For the sake of those reading, what is required for cardiac health that is repeated over and over from doctors from NYU Medical that host Satellite Radio with set doctors hosting programs and a continual flow of guest doctors that also participate and the American Heart Association is that THIRTY MINUTES  of exercise that is moderate (WALKING INCLUDED) every day for FIVE days a week is what the heart muscle needs to stay healthy.  It can be broken up into blocks of time if someone does not have a full thirty minutes but must be at least TEN minutes at one time for the cardiac affect.  Anything more than that is great but this is the point that clinical studies have shown that a difference was made.  That's it, luck to all
We all have our own experiences and you've been burned a lot by yours in your life time.  I'm not sure it's the norm.
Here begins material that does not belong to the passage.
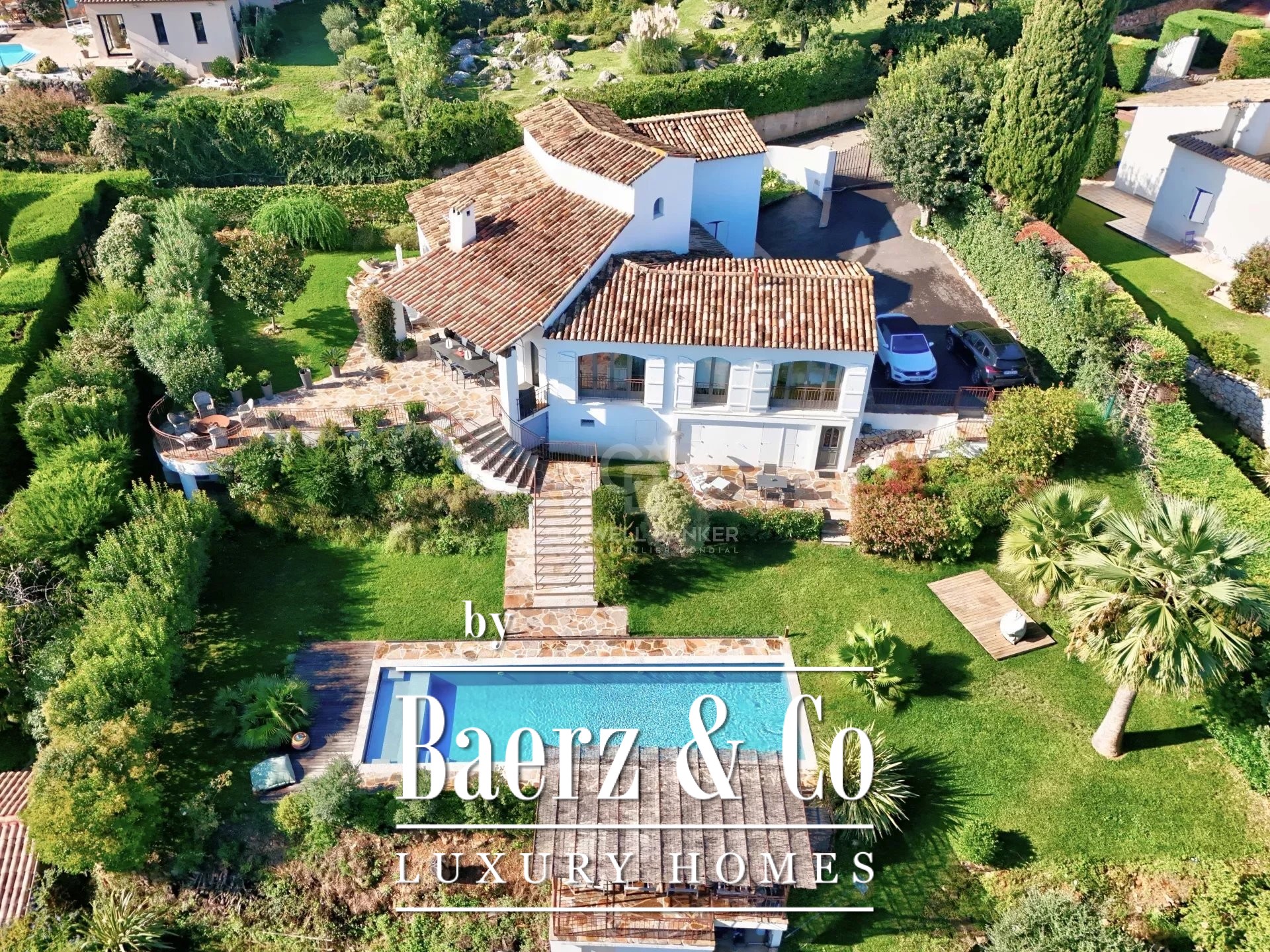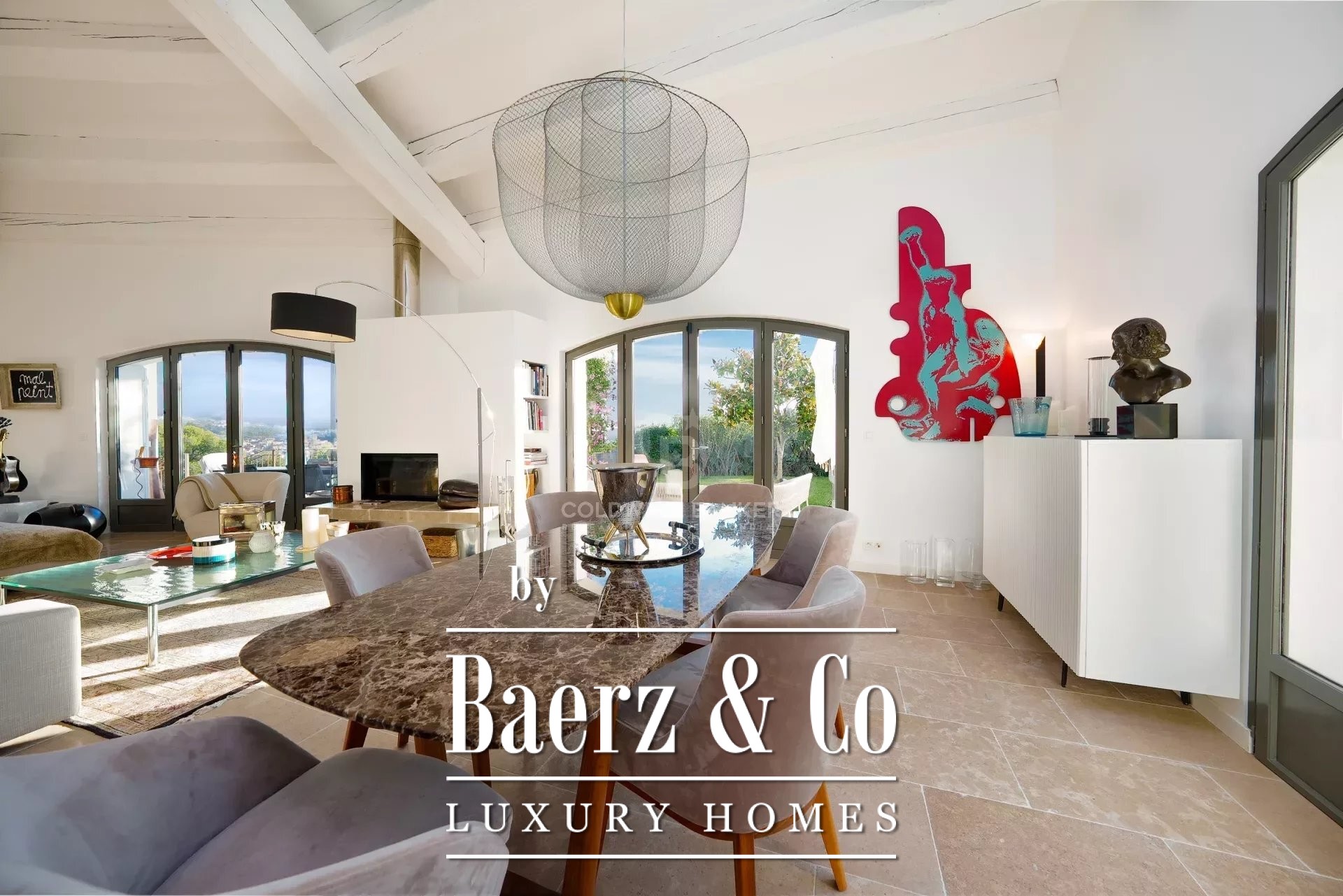 Located in Biot, gorgeous and renovated villa of 280 sqm in a perfect condition enjoying a panoramic view on the Sea, the village of Biot and the mountains. The house consists of an entrance, a spacious living room with heigh ceiling, fireplace and access to the terrace, tv area, a nice opened kitchen and a laundry. On the ground floor, you also enjoy a large master suite with complete bathroom

But it is your normal.  I speak from what I'm told by my doctors, what I read, etc. as well as my own experience.  We all do I guess.  Lots of people read this forum.  I had some numbers shared with me as I'm a CL on a few forums and I figure these are subjects that benefit many and 'maybe' someone will be enticed to share their thoughts. :))
Mom, what you just said is a different issue.  The issue you raised was aerobic exercise.  That term is usually used to mean stressing the heart, meaning you exercise to the point that you start to have trouble catching your breath.  You don't overdo it, but that's what it usually refers to.  If you're asking is exercise good for you, yes, of course it is.  That would include all exercise, including walking, yoga, tai chi, anything.  It's all good.  Not sure what "experiences" I have you're denigrating.  Not sure why you're denigrating me.  My bad experiences were with one psychiatrist and one dentist.
By the way, if you already knew the answer and that was the only answer you were going to accept, can I ask, why did you ask the question instead of just saying docs at NYU recommend 30 minutes of exercise a day?  I assumed you wanted some input.  I was hoping others would come on here and disagree with both of us.  That's how we learn.  Peace, Mom.